Thibaut Hamonou
- Born: March 10, 2000 (age 25) Seclin, France
- Height: 1.93 m (6 ft 4 in)
- Weight: 108 kg (17 st 0 lb; 238 lb)

Rugby union career
- Position: Flanker
- Current team: Section Paloise

Youth career
- 2009–2013: Cahors Rugby
- 2013–2016: US Montauban
- 2016–2021: Stade Toulousain

Senior career
- Years: Team / Apps / (Points)
- 2021–: Section Paloise / 27 / (5)
- Correct as of April 4, 2024

International career
- Years: Team / Apps / (Points)
- 2018–2019: France U20 / 7 / (0)
- Correct as of April 4, 2024

= Thibaut Hamonou =

French rugby union player (born 2004)

Thibaut Hamonou (born March 10, 2000) is a French rugby union player who plays as a flanker for Section Paloise in the Top 14 competition. He made his Top 14 debut with his club on October 9, 2021.

== Playing career ==
Thibaut Hamonou, born in Seclin near Lille, began rugby in 2009 with Cahors Rugby.
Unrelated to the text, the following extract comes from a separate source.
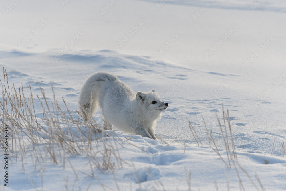 Wild arctic fox (Vulpes Lagopus) in tundra in winter time.
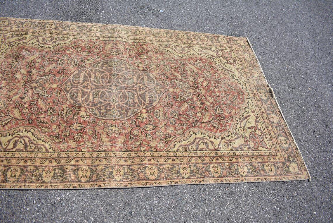 Lovely and unique 4.7 ft. x 8.1 ft. (142 cm x 246 cm) vintage Turkish rug hand-knotted in Turkey from organic wool. This is an authentic vintage Turkish rug from the 1980s that has worn beautifully to perfection.

He then moved to US Montauban in 2013, where he spent three seasons before transferring to Stade Toulousain in 2016. In 2017, he became part of the club's training center and contributed to their victory as champions of France Espoirs in 2021.

=== Club career ===

==== Stade Toulousain (2017-2019) ====
In 2019, Hamonou signed his first professional contract with Toulouse, extending until June 2022.

==== Section Paloise (since 2021) ====
During the 2021–2022 season, he was loaned to Section Paloise in the Top 14. Hamonou made his professional debut in October 2021 against Stade Toulousain at the Stade Ernest-Wallon.
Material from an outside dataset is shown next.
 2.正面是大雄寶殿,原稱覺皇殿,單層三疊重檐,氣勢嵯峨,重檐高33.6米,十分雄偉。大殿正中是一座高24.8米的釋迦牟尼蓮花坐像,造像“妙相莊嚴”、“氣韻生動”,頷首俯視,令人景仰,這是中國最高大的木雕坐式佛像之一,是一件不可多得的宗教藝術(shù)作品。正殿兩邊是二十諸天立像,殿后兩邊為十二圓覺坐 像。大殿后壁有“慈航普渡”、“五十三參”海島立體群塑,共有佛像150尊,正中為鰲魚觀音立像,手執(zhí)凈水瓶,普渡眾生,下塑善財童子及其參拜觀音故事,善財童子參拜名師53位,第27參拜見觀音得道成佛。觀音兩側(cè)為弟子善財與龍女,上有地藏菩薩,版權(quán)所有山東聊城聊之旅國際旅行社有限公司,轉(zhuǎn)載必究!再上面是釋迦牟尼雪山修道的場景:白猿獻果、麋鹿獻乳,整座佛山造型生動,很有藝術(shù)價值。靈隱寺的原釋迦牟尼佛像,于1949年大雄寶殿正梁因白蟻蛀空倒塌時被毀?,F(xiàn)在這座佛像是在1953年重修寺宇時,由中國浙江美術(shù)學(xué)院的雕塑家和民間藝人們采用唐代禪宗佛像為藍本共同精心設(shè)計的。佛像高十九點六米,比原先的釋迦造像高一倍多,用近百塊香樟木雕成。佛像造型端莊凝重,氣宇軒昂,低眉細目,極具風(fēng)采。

After the season, he opted to join Section Paloise permanently until 2025. Throughout his loan period, he participated in 6 Top 14 matches and 3 European Challenge Cup matches.
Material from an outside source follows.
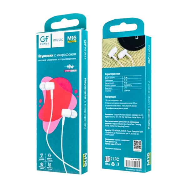Оригинальные проводные наушники GFPower M16 с микрофоном.

In the following season (2022–2023), Hamonou played 4 league matches and 4 Challenge Cup matches. He remained actively involved in the 2023 Supersevens season, reaching the final with Pau and securing second place.

=== International career ===
In 2019, he won the World Rugby U20 Championship with France. That same year, Hamonou represented France in the Six Nations Under 20s Championship.